→ Work order:
The records are to be repeated in full, with the images removed.

→ Records for this exercise:
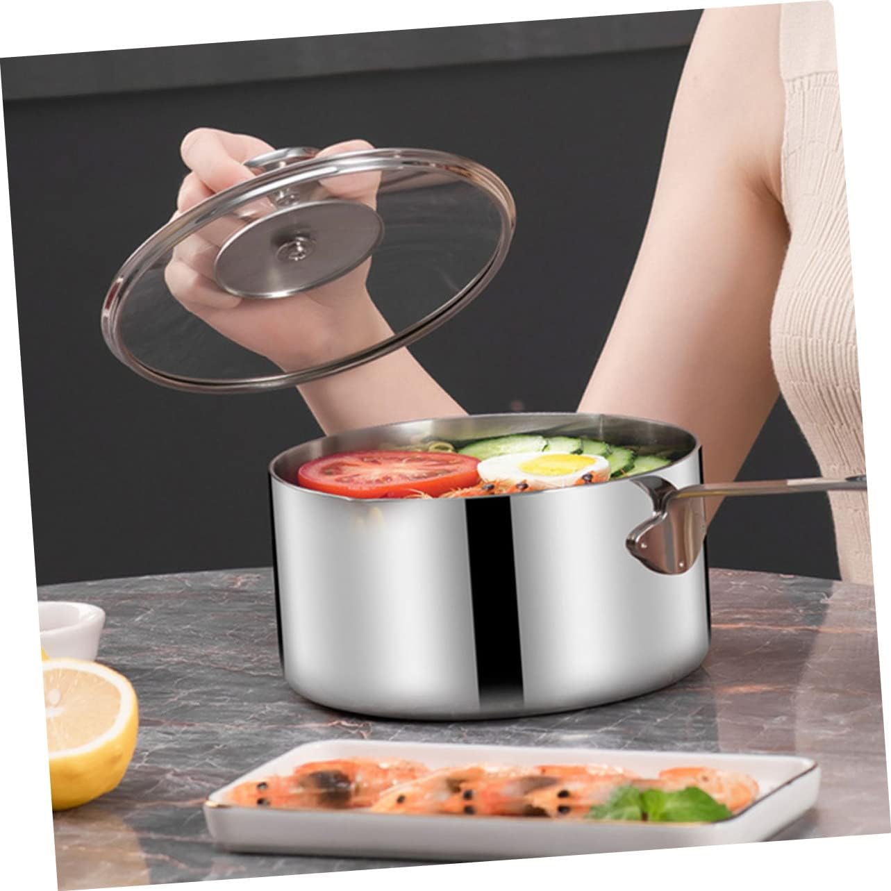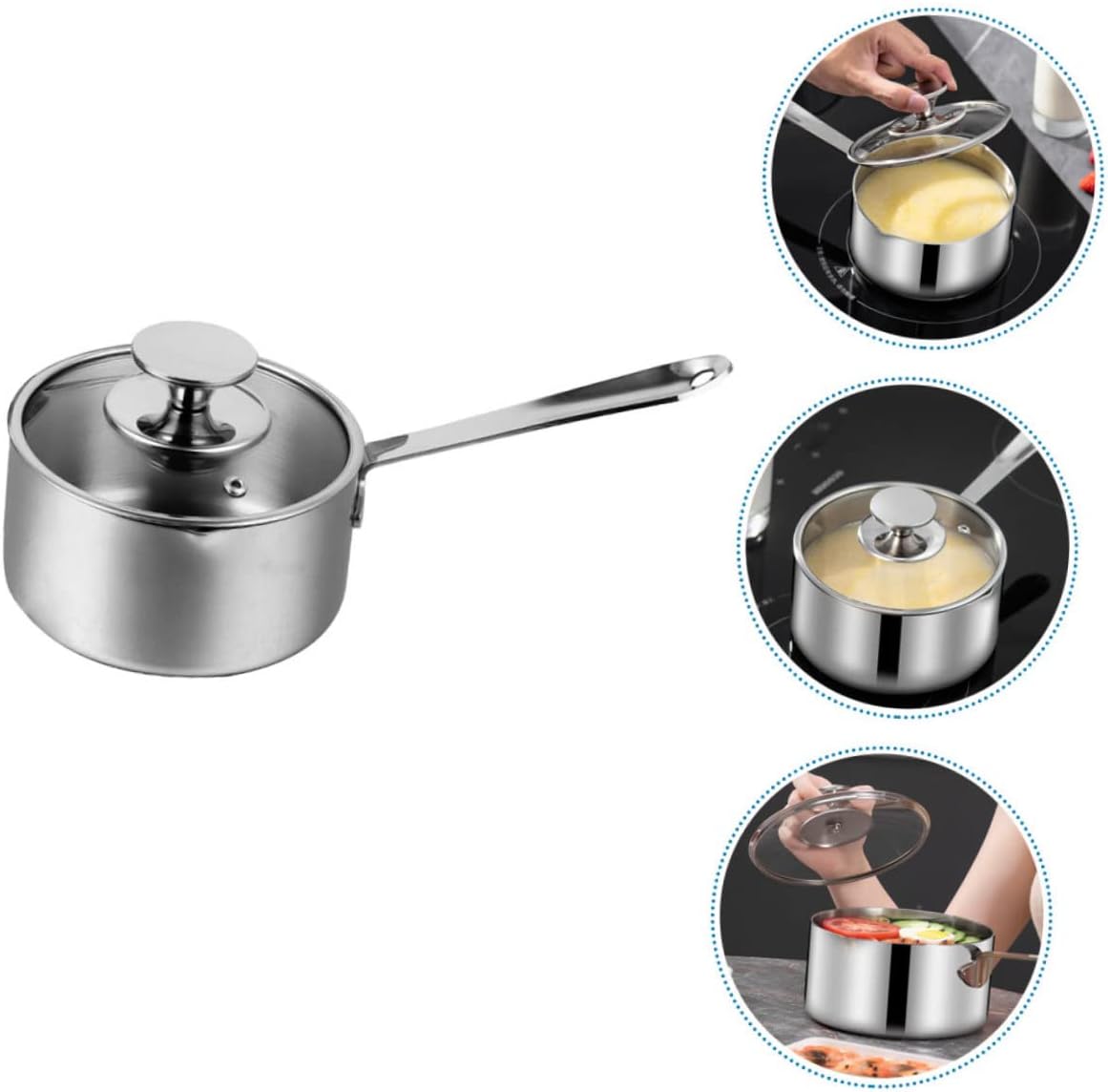 Package Include 1 x Pot with Lid Characteristics -Material:Stainless steel stovetop milk steamer - Color: Silver stainless steel stock pot - Size: 31.50X16.00X8.30cm/12.38X6.29X3.26in cooking pot for kitchen -Stainless steel construction design, healthy, cooking, ensuring optimal heat absorption, transfer and durability milk heating pot. -A soup, stew cooker. for cooking lobster, soup, pasta, etc milk saucepan. -The interior is creative design for easy cleaning, and the cooking pot is dishwasher multi-function saucepan. -This heats quickly and dissipates heat, making it for when you're boiling milk, eggs, or hot soups. Also, it's great for coffee and oatmeal food heating pot. -This soup pot is exquisitely crafted and , with long handle design, and is widely loved by people saucepan.Goods Descriptionstainless steel stock pot This deep pot is a Soup Pot, made of , and healthy, and can be used with confidence.cooking pan Soup Pot can be used long time.kitchen cooking pot It has a simple design, but very in use.stovetop milk steamer The ergonomic handle makes the grip very comfortable.soup pot Essential kitchen accessory, suitable for steaming or heating food.multipurpose saucepan You can use it to cook a delicious soup for your family
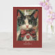 Cartão Namorados Whimsical Painterly Cat com Coração Verm
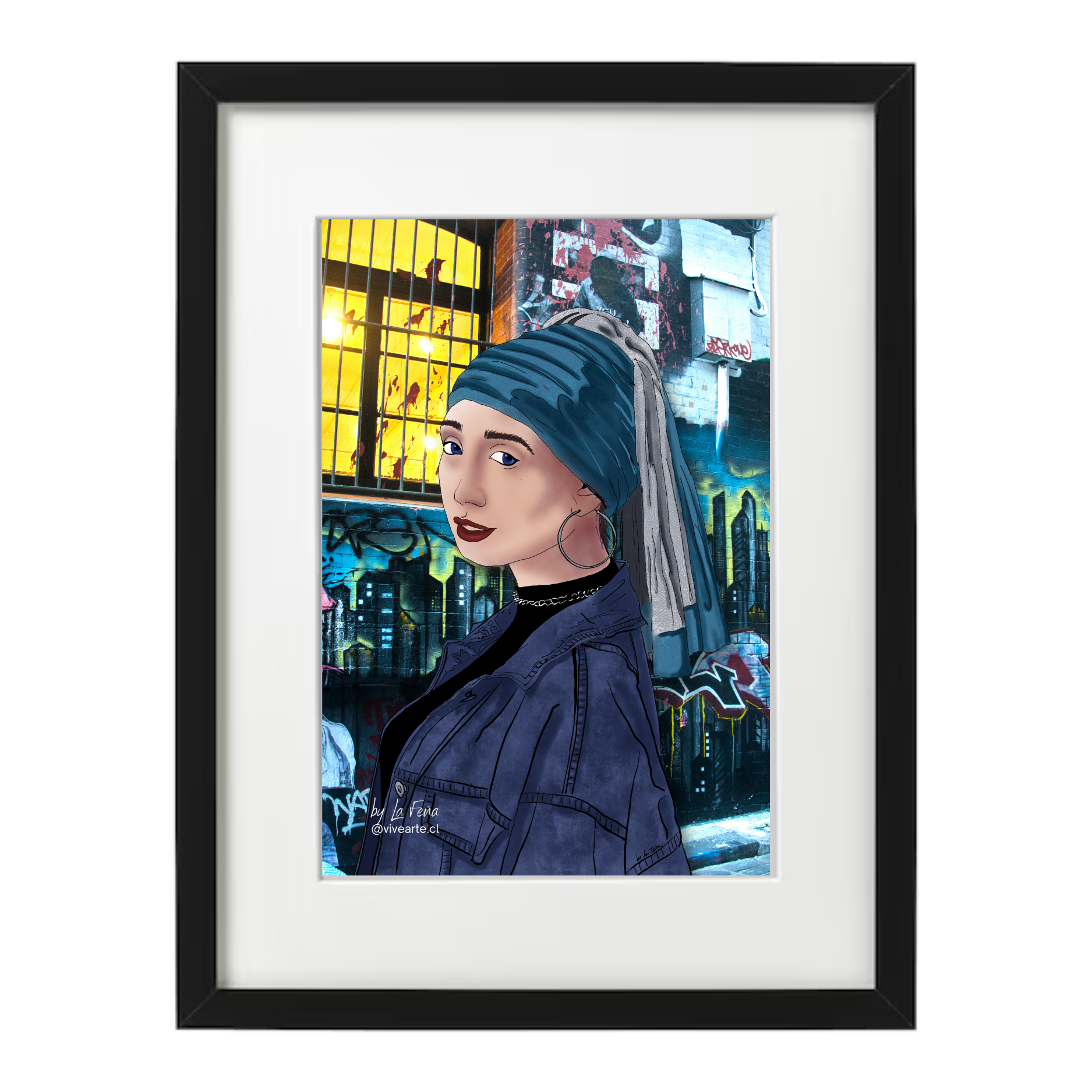 Hermosa Ilustración de La Niña de la Perla enmarcada.
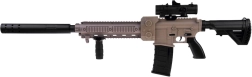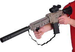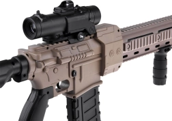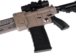 Automatisches Nachladen, elektronisches Schießen, verschiebbare Optik, verschiebbarer vorderer Griff, Schultergurt
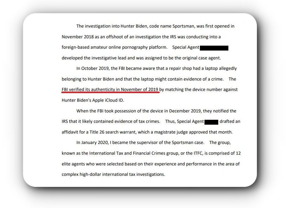 „FBI varð kunnugt um í október 2019 að viðgerðarverkstæði væri með fartölvu sem sögð var tilheyra Hunter Biden og að fartölvan gæti innihaldið vísbendingar um glæp. FBI staðfesti áreiðanleika tölvunnar í nóvember 2019 með því að bera saman tækisnúmerið við Apple auðkenni Hunter Bidens.“
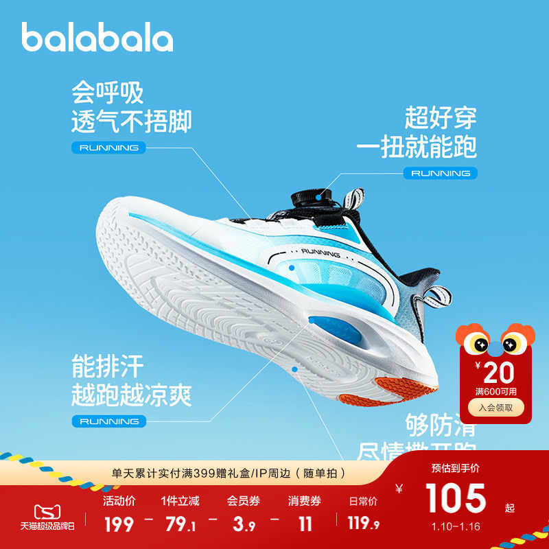 巴拉巴拉童鞋儿童运动鞋秋季跑步鞋男童鞋子轻透气校园旋转扣网鞋
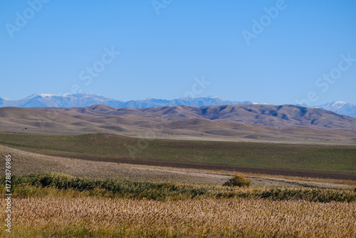 © Microscope, Obraz premium A wide-open countryside scene with gentle brown hills, patchwork fields and distant snow-capped peaks under a bright blue sky.
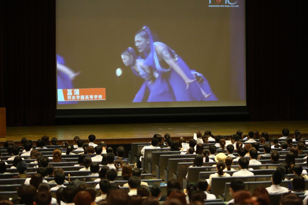 開式に先立って、ダンス部の活躍の映像、およびVIVAの生徒たちが作ってくれた校内施設紹介ムービーを流し、皆さんに見ていただきました。

→ Solved exercise:
 Package Include 1 x Pot with Lid Characteristics -Material:Stainless steel stovetop milk steamer - Color: Silver stainless steel stock pot - Size: 31.50X16.00X8.30cm/12.38X6.29X3.26in cooking pot for kitchen -Stainless steel construction design, healthy, cooking, ensuring optimal heat absorption, transfer and durability milk heating pot. -A soup, stew cooker. for cooking lobster, soup, pasta, etc milk saucepan. -The interior is creative design for easy cleaning, and the cooking pot is dishwasher multi-function saucepan. -This heats quickly and dissipates heat, making it for when you're boiling milk, eggs, or hot soups. Also, it's great for coffee and oatmeal food heating pot. -This soup pot is exquisitely crafted and , with long handle design, and is widely loved by people saucepan.Goods Descriptionstainless steel stock pot This deep pot is a Soup Pot, made of , and healthy, and can be used with confidence.cooking pan Soup Pot can be used long time.kitchen cooking pot It has a simple design, but very in use.stovetop milk steamer The ergonomic handle makes the grip very comfortable.soup pot Essential kitchen accessory, suitable for steaming or heating food.multipurpose saucepan You can use it to cook a delicious soup for your family
 Cartão Namorados Whimsical Painterly Cat com Coração Verm
 Hermosa Ilustración de La Niña de la Perla enmarcada.
 Automatisches Nachladen, elektronisches Schießen, verschiebbare Optik, verschiebbarer vorderer Griff, Schultergurt
 „FBI varð kunnugt um í október 2019 að viðgerðarverkstæði væri með fartölvu sem sögð var tilheyra Hunter Biden og að fartölvan gæti innihaldið vísbendingar um glæp. FBI staðfesti áreiðanleika tölvunnar í nóvember 2019 með því að bera saman tækisnúmerið við Apple auðkenni Hunter Bidens.“
 巴拉巴拉童鞋儿童运动鞋秋季跑步鞋男童鞋子轻透气校园旋转扣网鞋
 © Microscope, Obraz premium A wide-open countryside scene with gentle brown hills, patchwork fields and distant snow-capped peaks under a bright blue sky.
 開式に先立って、ダンス部の活躍の映像、およびVIVAの生徒たちが作ってくれた校内施設紹介ムービーを流し、皆さんに見ていただきました。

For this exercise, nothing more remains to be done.